Sunday, January 18, 2009

The Trip; the Impact

Throughout the next few months I plan to post my observations, revelations, hallucinations, and every other thing that changed my personal outlook as a result of my first trip to Africa by way of Senegal. The first is posted and rightfully reflects on Goree Island, the start of our journey as a people to Africa-America.

That this trip was made on the dawning of a new era in American history, an era that will see this great, conflicted nation about to inaugurate a man of African descent as its leader, is an irony not lost on me. It is on the minds of all who accompanied me, from the youngest to the oldest. That it was made during the holiest of times in America, when the most important Judeo-Christian religious ceremonies are celebrated, also seems fitting since most assuredly we all expected to have a spiritual experience that mere words could never articulate.
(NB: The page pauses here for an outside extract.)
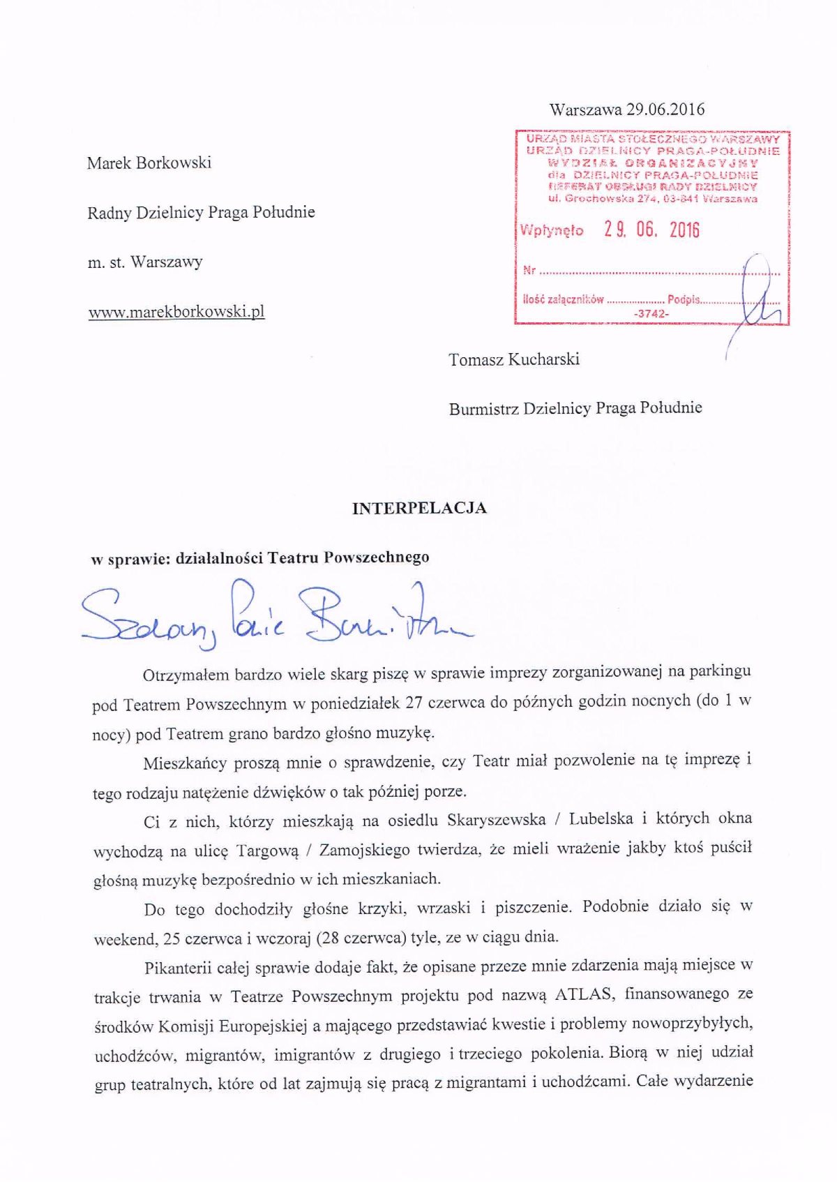 Radny skontaktował się z dyrekcją Teatru Powszechnego, która przyznała, że: „(…) Rzeczywiście w poniedziałkowy wieczór wydarzenia na zewnątrz Teatru przeciągnęły się znacznie dłużej niż były zaplanowane. Staramy się na bieżąco przepraszać sąsiadów za niedogodności i prosić o wyrozumiałość. Nasz Teatr w ramach międzynarodowego festiwalu teatralnego właśnie gości artystów i wykonawców z kilkunastu krajów, radość spotkania, emocje związane z prezentacjami spektakli, przeciągały się poza zwyczajowe godziny. Obiecuję nie dopuszczać do takich sytuacji w przyszłości, podjąłem już w tej sprawie kroki dyscyplinujące. Jeszcze raz dziękuję za zwrócenie przez Pana uwagi na ten problem (…).”

So bear with me as I bare my feelings about my journey. I promise not to tell you every single detail but I want you to understand how I am processing all that I experienced and for me that will come best as writing and ultimately art. More to come...

Ile de Goree- A Painful Observation

The dirt from Goree will not leave my feet. I scrub and scrub, followed by a Wet Wipe bath and no luck...

It's as if the ancestors want to stay with me forever and make me take their spirits off that wretched island.

The walls of the slave house didn't really speak to me but the air did; the atmosphere did; the sea did.

My thoughts kept fixed on the millions dwelling beneath me as I made my way across the bay to the island aboard a modern day ferry boat, wondering how it must have felt to be on one of those precursors, those slave ships, those wooden graves, leaving my continent bound for who knows, bound...

I watch with a heaviness as the island begins to make itself seen, the prison/garrison barely visible, and I feel the weight of history beginning to pull me down, so standing is not an option.

Then as the boat begins to turn into the port I make myself stand to witness the returning to Goree that hundreds and thousands of African Americans make every year, a returning that bears witness to the horrific beginning of a new African people, the lost ones, the soulless ones, the African Americans.

I fill up; I wonder how I will see myself in the slave house.

Finally, I am in it; I am in the now sanitized torture chambers made palatable by the Senegalese government so that commerce can continue, this time trading in the history of the enslaved rather than the enslaved individuals whose blood, excrement, urine, tears, tears and more tears soaked and stained the stone/dirt floors.

"Enfants" labels a doorway.

The babies/children's room, a room that should never have meaning beyond "playroom" but that has sustained a horrible definition change in this pink prison of death and dying.

"Enfants", I weep...

"Jeune Filles", I look at that doorway and think of the three teenage girls who accompany me on my journey and realize that they and their peers would inhabit this chamber, sustaining rape and degradation daily, sometimes multiple times daily, bearing the bastard children of the enslaver and his minions.

I have no strength when I leave the hallways of that pink atrocity, making my way to the Door of No Return but I must see it, experience being framed in it the way my ancestors must have been as they were pushed out of it towards the waiting wooden death vessels.

The sea still laps at the coast line looking placid and gentle.

But I know just beneath my gaze lies the whole of my soul drowned in this beautiful body Atlantic.

The double assault of European tourists and African hustlers sickens me as I leave the pink disaster zone.

I cannot breathe; my head seems to be closing itself to reason. I weep again while comforting my crying friend who cannot, will not, forget her ancestors' pain.

Ile de Goree I have returned but I cannot sat I will again.

The soul has been filled with ancestral memory and there is no room for anything else to occupy my leaden heart.